This issue brief outlines how conservatives have rewritten the regulatory process in ways that have left traditional cost-benefit analyses behind. Rather than regulating by the same rules as progressives, conservatives have ignored the rules when they prove inconvenient. Worse, they have sought to make procedural changes that would drastically limit or prevent a progressive presidential administration from advancing commonsense regulatory protections at all.

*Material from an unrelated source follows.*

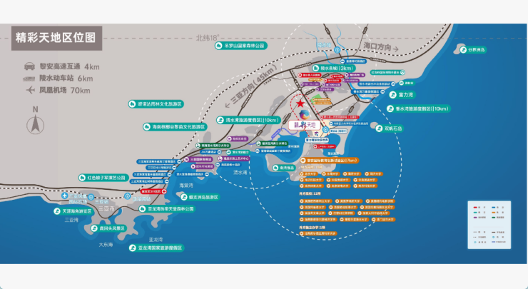 项目连接老城区及中央生活区,位于文黎大道与中心大道交汇处,距黎安互通G98环岛高速约6公里,距陵水站约8公里,距离环岛旅游公路约6公里,驾车轻松环游全岛。乘高铁4站即达三亚凤凰机场(约77km)、6站即达海口美兰机场(约205km),全国主要城市航班直飞。

These breaks from traditional CBA reveal that conservatives see it less as a tool for sound policy and more as a means of preventing progressive regulation when conservatives are out of power. Reckoning with this fact means more than simply looking to undo the current administration’s regulatory abuses. It requires rethinking the centrality of CBA in the federal regulatory review process: While it is an important tool for agencies to utilize in developing sound regulations, it is not the only tool. This issue brief concludes by encouraging progressives to articulate a new vision for the federal regulatory process, rather than simply reverting to the status quo.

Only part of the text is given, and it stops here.